The ease of creation of ProDOS images with tools like Cadius now means
people are creating many new images on modern computers. If they name
their image files .dsk (which seems like the "right thing to do"), then
they've created new .dsk images in ProDOS order.
A description of sector order is at the end of this message, feel free to
skip it if you know this stuff, or don't care about the details.
As for detection, Applewin uses a simple easy-to-understand algorithm to determine the sector order of .dsk images:
A .dsk defaults to DOS 3.3 sector order. However, if a DOS 3.3 catalog
track appears to exist on track $11 by looking at the first 2 bytes of
each sector, when assuming the disk is in ProDOS order, then it treats the
.dsk image as ProDOS order. Or, if a ProDOS volume directory appears to be
on blocks 2,3,4,5 on track $00 by looking at the first 4 bytes of each
block when treated as ProDOS order, then the .dsk is treated as ProDOS order.
I like this simple check, since it's looking for well-formed disk images
with normal catalog tracks.

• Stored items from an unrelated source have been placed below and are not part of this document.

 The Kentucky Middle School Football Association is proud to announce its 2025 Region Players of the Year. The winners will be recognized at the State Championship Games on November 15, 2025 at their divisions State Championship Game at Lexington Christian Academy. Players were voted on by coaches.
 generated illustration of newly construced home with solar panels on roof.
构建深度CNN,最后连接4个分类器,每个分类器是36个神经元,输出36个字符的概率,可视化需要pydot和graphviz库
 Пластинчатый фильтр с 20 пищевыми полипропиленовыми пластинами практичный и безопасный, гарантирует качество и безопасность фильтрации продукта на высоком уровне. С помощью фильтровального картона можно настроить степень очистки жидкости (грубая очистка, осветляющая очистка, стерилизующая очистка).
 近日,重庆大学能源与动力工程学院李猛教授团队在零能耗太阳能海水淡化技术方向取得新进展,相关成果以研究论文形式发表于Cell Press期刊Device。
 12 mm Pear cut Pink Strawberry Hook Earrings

This makes sense if a main source of the
images in ProDOS order is modern tools creating these images. If an image doesn't look like a normal DOS 3.3 disk or ProDOS (say, no OS at all, like
a game would do), then .dsk is always DOS 3.3 sector order.

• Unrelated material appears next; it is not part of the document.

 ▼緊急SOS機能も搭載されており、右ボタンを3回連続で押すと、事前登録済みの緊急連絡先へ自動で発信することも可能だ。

But this detection seems to have a problem: if a user mounts a prodos1.dsk created by Cadius in ProDOS order, it will work fine as long as the user
keeps using it as a normal disk. But what if the user then, under
emulation, plays a game which wants to format a save disk to save
progress on, and picks this prodos1.dsk? The resulting image probably
no longer has a valid catalog. Applewin will read and write the
prodos1.dsk image in ProDOS order since that's what it knows to do for
as long as the user runs the game in one session. But when stopped and restarted later, the .dsk detection routine will now say the prodos1.dsk
image is DOS 3.3 order (since it cannot tell), and the saved game is
lost.
So my proposal: Emulators should support detecting .dsk images as ProDOS,
but should use a very simple check like Applewin's. And if a .dsk image
is determined to be ProDOS order, then the emulator should immediately
re-write the .dsk image file as DOS 3.3 order. If the image is write- protected or not writeable, then do nothing. This solves the misdetection problem of using .dsk images in ProDOS order--.dsk is always DOS 3.3 sector order to the emulator
Kent
----
As background, Apple II 5.25" disks generally contain 16 sectors of 256-bytes each on 35 tracks. On the physical disk, these sectors have a physical
sector number, counting from 0-15 in order on the disk. DOS 3.3 knew it
could not read adjacent sectors that fast, so it has a table of logical
sectors to physical sectors, to try to give it more time to process
adjacent logical sectors. All DOS 3.3 operations are on logical sectors.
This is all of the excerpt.